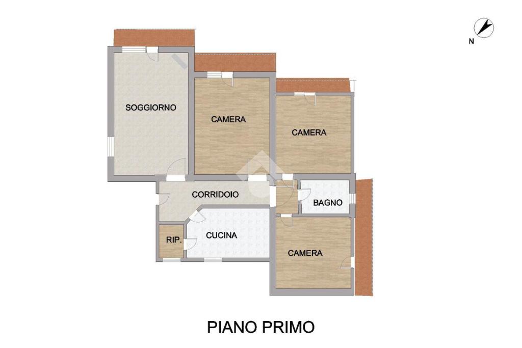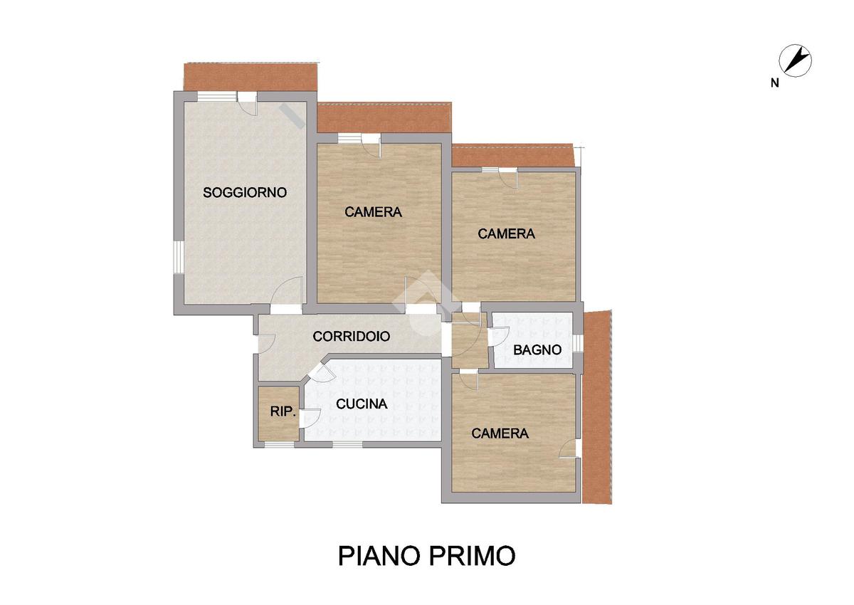 Ingresso(5mq), Soggiorno con camino(27mq) cucina abitabile(12mq), ripostiglio interno(2mq), corridoio(8mq) Camera(21mq), camera(18mq) camera(15mq), bagno con finestra e vasca(5,6);
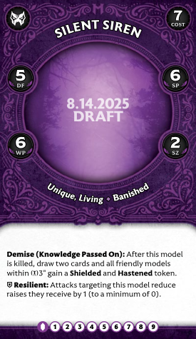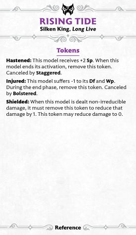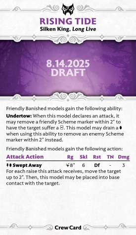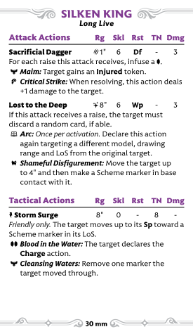 Starting with the Silken King's original form, Long Live, we'll look at his crew card. Rising Tide has a simple passive effect: any of your models can eat a friendly Scheme Marker within 2" to put opponents on a -twist to resist any attack. Negative twists to
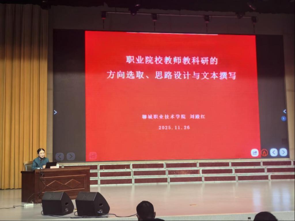 为切实提升党员、教师的教科研水平,推动学校内涵式发展,11月26日下午,学校教科研能力提升培训在学术报告厅举行。本次培训特邀聊城职业技术学院三级教授刘殿红担任主讲,党委书记翟健、党委副书记、校长葛序风及全体党员和专兼职教师参加了学习。
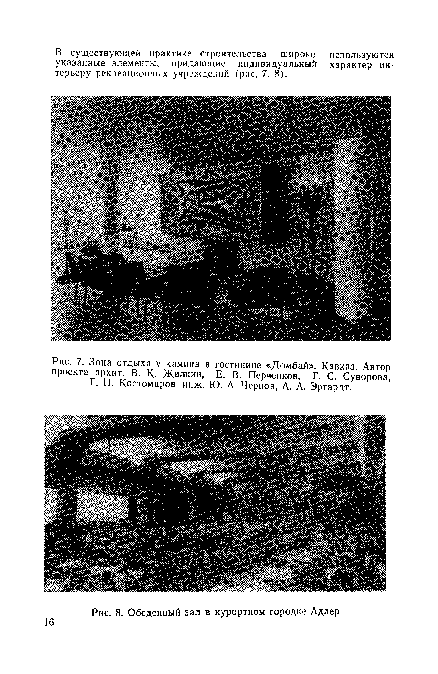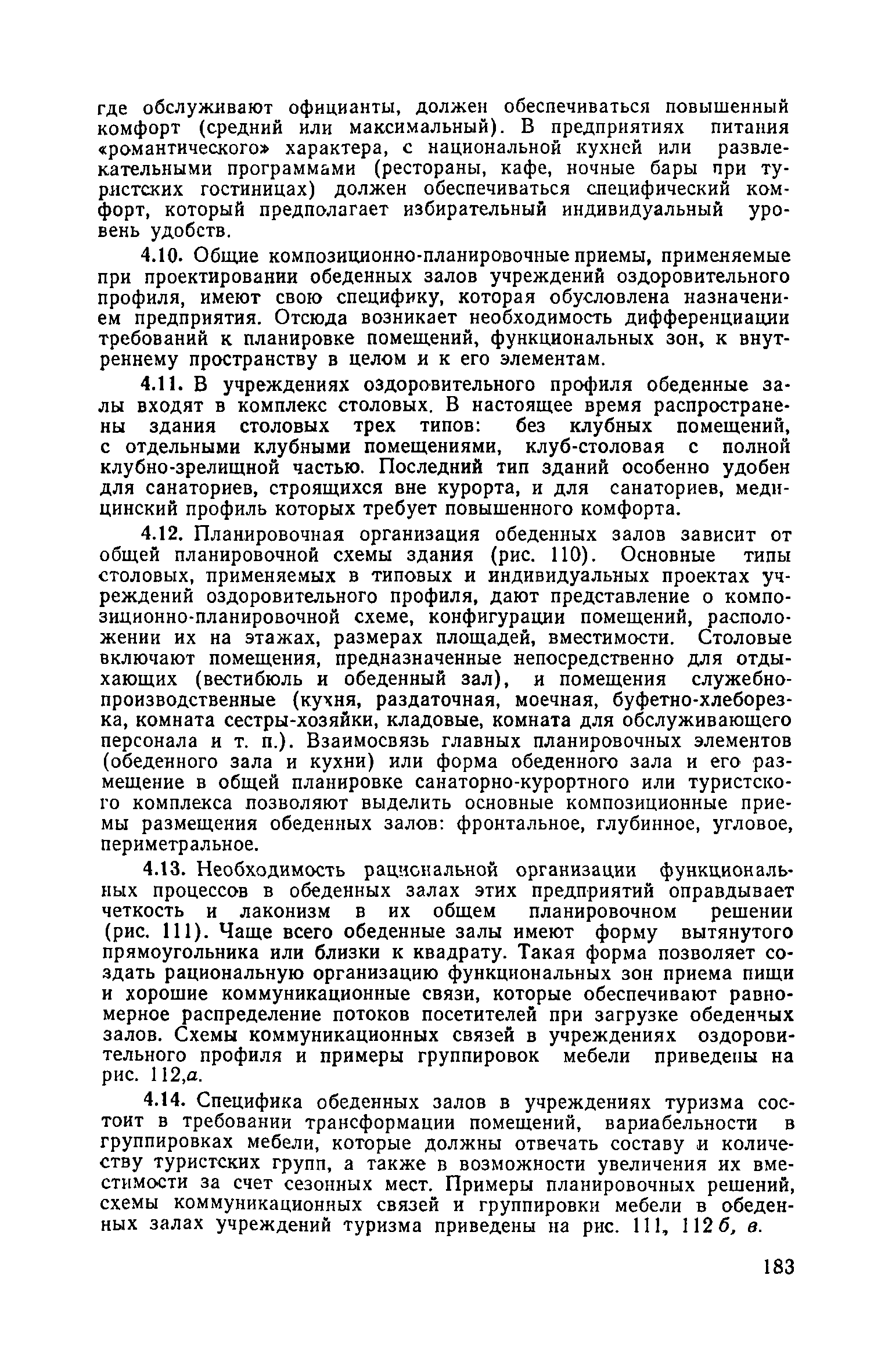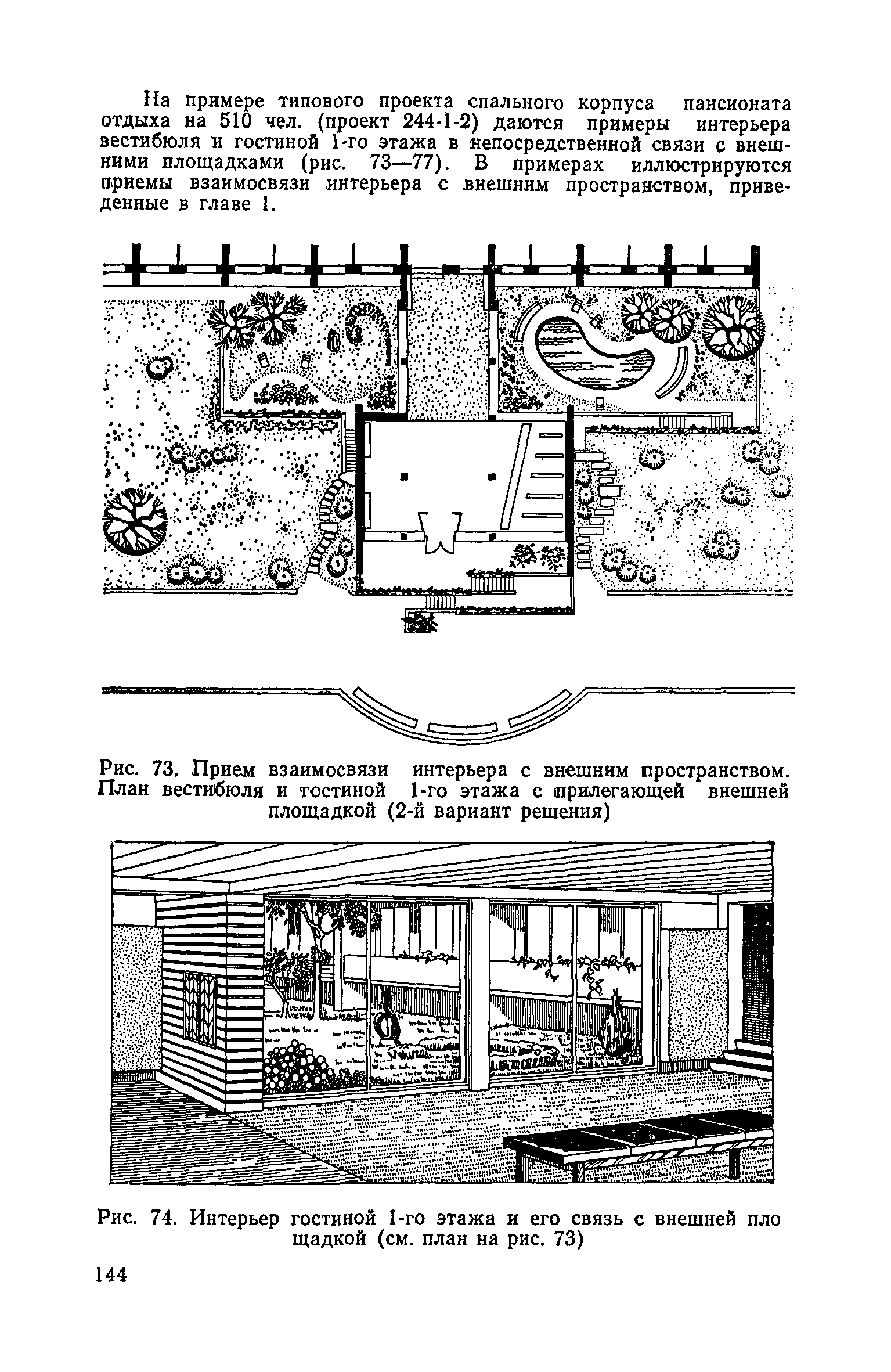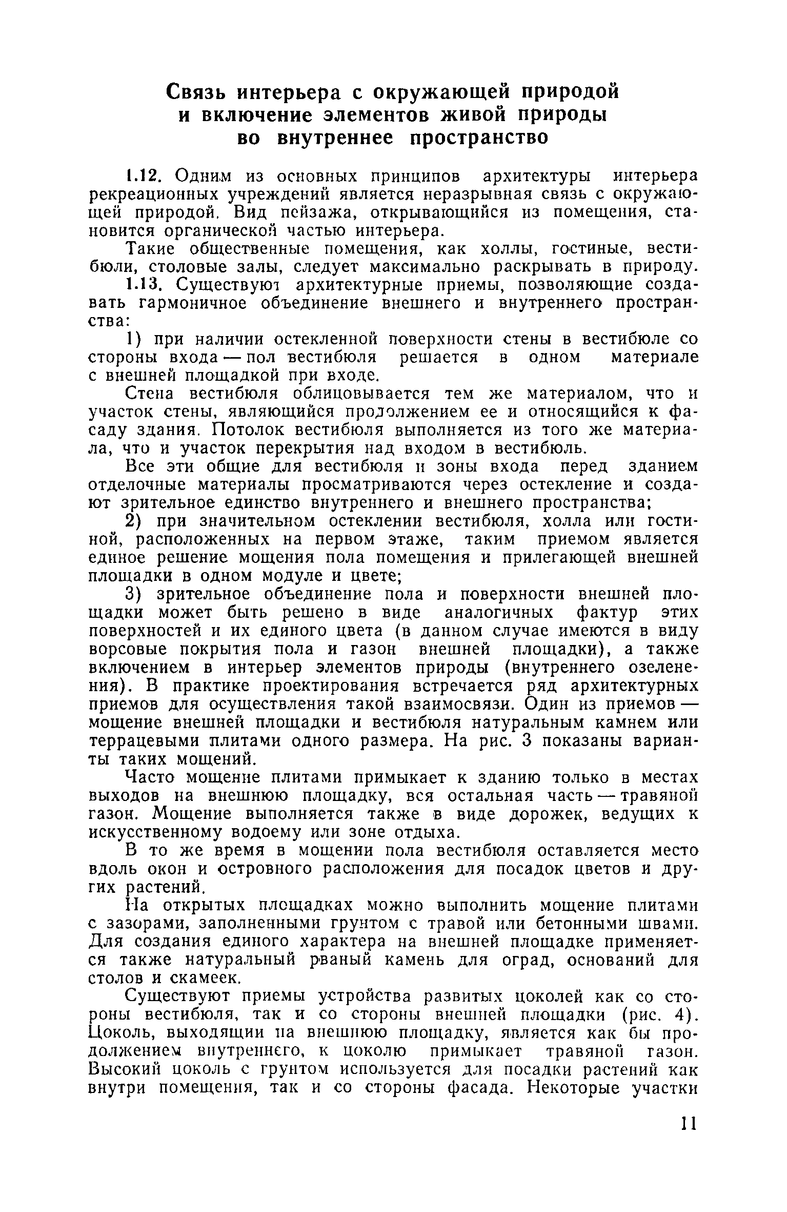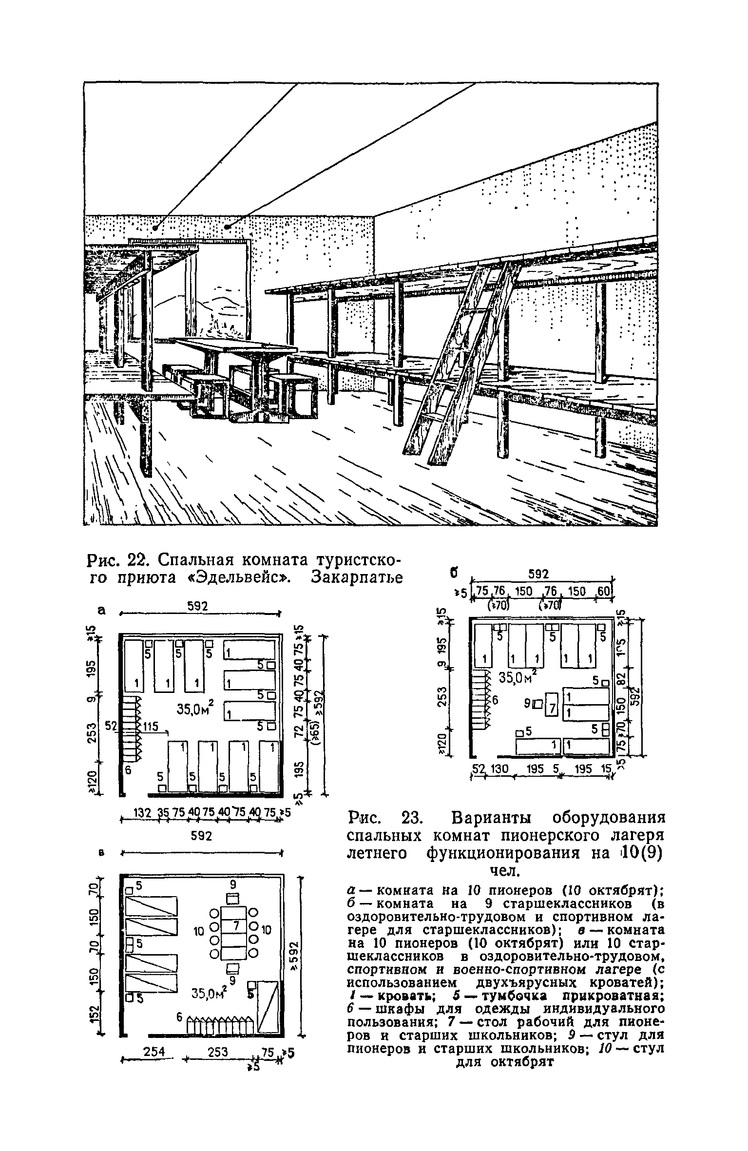 | Оглавление: | 1. Основные принципы формирования интерьера рекреационных учреждений 2. Жилые ячейки Спальные помещения Архитектурно-планировочные особенности спальных помещений Мебель и оборудование Приемы искусственного освещения и осветительные приборы Цветовое решение Отделочные материалы Примеры эталона интерьера спальной комнаты на два человека Санитарные узлы жилых ячеек Планировочные особенности Оборудование 3. Вестибюли, гостиные и холлы Вестибюли спальных корпусов санаториев, домов отдыха и пансионатов Архитектурно-планировочная организация вестибюлей Функциональное зонирование, оборудование и мебель Приемы искусственного освещения Цветовое решение Гостиные и холлы спальных корпусов санаториев, домов отдыха и пансионатов Архитектурно-планировочная организация Функциональное зонирование, оборудование и мебель Приемы искусственного освещения Цветовое решение Вестибюли и комнаты дневного пребывания пионерских лагерей Архитектурно-планировочная организация помещений Приемы искусственного освещения Цветовое решение Декоративно-прикладное изобразительное искусство в помещениях спальной группы пионерских лагерей 4. Обеденные залы Архитектурно-планировочная организация обеденных залов Функциональное зонирование, оборудование в мебель Светоцветовое решение Декоративно-художественное убранство Отделочные материалы 5. Помещения туристско-экскурсионного обслуживания Архитектурно-планировочная организация помещений Мебель и оборудование Приемы искусственного освещения Цветовое решение Отделочные материалы Список литературы |
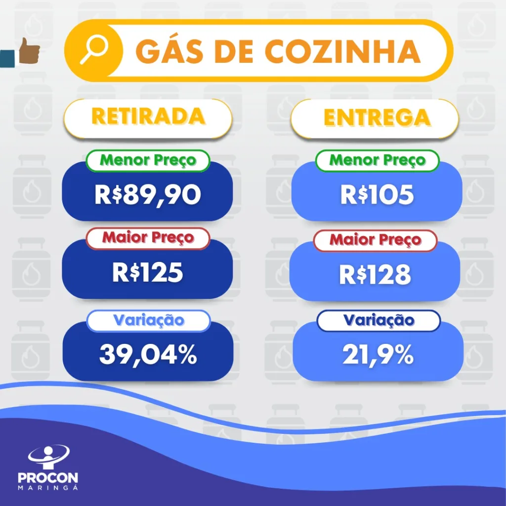 O Procon, da Prefeitura de Maringá, divulgou hoje (13) a pesquisa mensal sobre o preço do gás de cozinha. Foram comparados preços em 41 estabelecimentos em diferentes regiões da cidade. Sendo a maior diferença registrada no produto para retirada na loja, com 39,04%. O mais barato está R$ 89,90 e o mais caro R$ 125, sendo uma economia de R$ 35,10 se o cliente comprar onde vende pelo valor mais baixo.

* * * * *

Exclude the pictures and reproduce every entry exactly.

• RESPONSE:
 Ingresso(5mq), Soggiorno con camino(27mq) cucina abitabile(12mq), ripostiglio interno(2mq), corridoio(8mq) Camera(21mq), camera(18mq) camera(15mq), bagno con finestra e vasca(5,6);
 Starting with the Silken King's original form, Long Live, we'll look at his crew card. Rising Tide has a simple passive effect: any of your models can eat a friendly Scheme Marker within 2" to put opponents on a -twist to resist any attack. Negative twists to
 为切实提升党员、教师的教科研水平,推动学校内涵式发展,11月26日下午,学校教科研能力提升培训在学术报告厅举行。本次培训特邀聊城职业技术学院三级教授刘殿红担任主讲,党委书记翟健、党委副书记、校长葛序风及全体党员和专兼职教师参加了学习。
 | Оглавление: | 1. Основные принципы формирования интерьера рекреационных учреждений 2. Жилые ячейки Спальные помещения Архитектурно-планировочные особенности спальных помещений Мебель и оборудование Приемы искусственного освещения и осветительные приборы Цветовое решение Отделочные материалы Примеры эталона интерьера спальной комнаты на два человека Санитарные узлы жилых ячеек Планировочные особенности Оборудование 3. Вестибюли, гостиные и холлы Вестибюли спальных корпусов санаториев, домов отдыха и пансионатов Архитектурно-планировочная организация вестибюлей Функциональное зонирование, оборудование и мебель Приемы искусственного освещения Цветовое решение Гостиные и холлы спальных корпусов санаториев, домов отдыха и пансионатов Архитектурно-планировочная организация Функциональное зонирование, оборудование и мебель Приемы искусственного освещения Цветовое решение Вестибюли и комнаты дневного пребывания пионерских лагерей Архитектурно-планировочная организация помещений Приемы искусственного освещения Цветовое решение Декоративно-прикладное изобразительное искусство в помещениях спальной группы пионерских лагерей 4. Обеденные залы Архитектурно-планировочная организация обеденных залов Функциональное зонирование, оборудование в мебель Светоцветовое решение Декоративно-художественное убранство Отделочные материалы 5. Помещения туристско-экскурсионного обслуживания Архитектурно-планировочная организация помещений Мебель и оборудование Приемы искусственного освещения Цветовое решение Отделочные материалы Список литературы |
 O Procon, da Prefeitura de Maringá, divulgou hoje (13) a pesquisa mensal sobre o preço do gás de cozinha. Foram comparados preços em 41 estabelecimentos em diferentes regiões da cidade. Sendo a maior diferença registrada no produto para retirada na loja, com 39,04%. O mais barato está R$ 89,90 e o mais caro R$ 125, sendo uma economia de R$ 35,10 se o cliente comprar onde vende pelo valor mais baixo.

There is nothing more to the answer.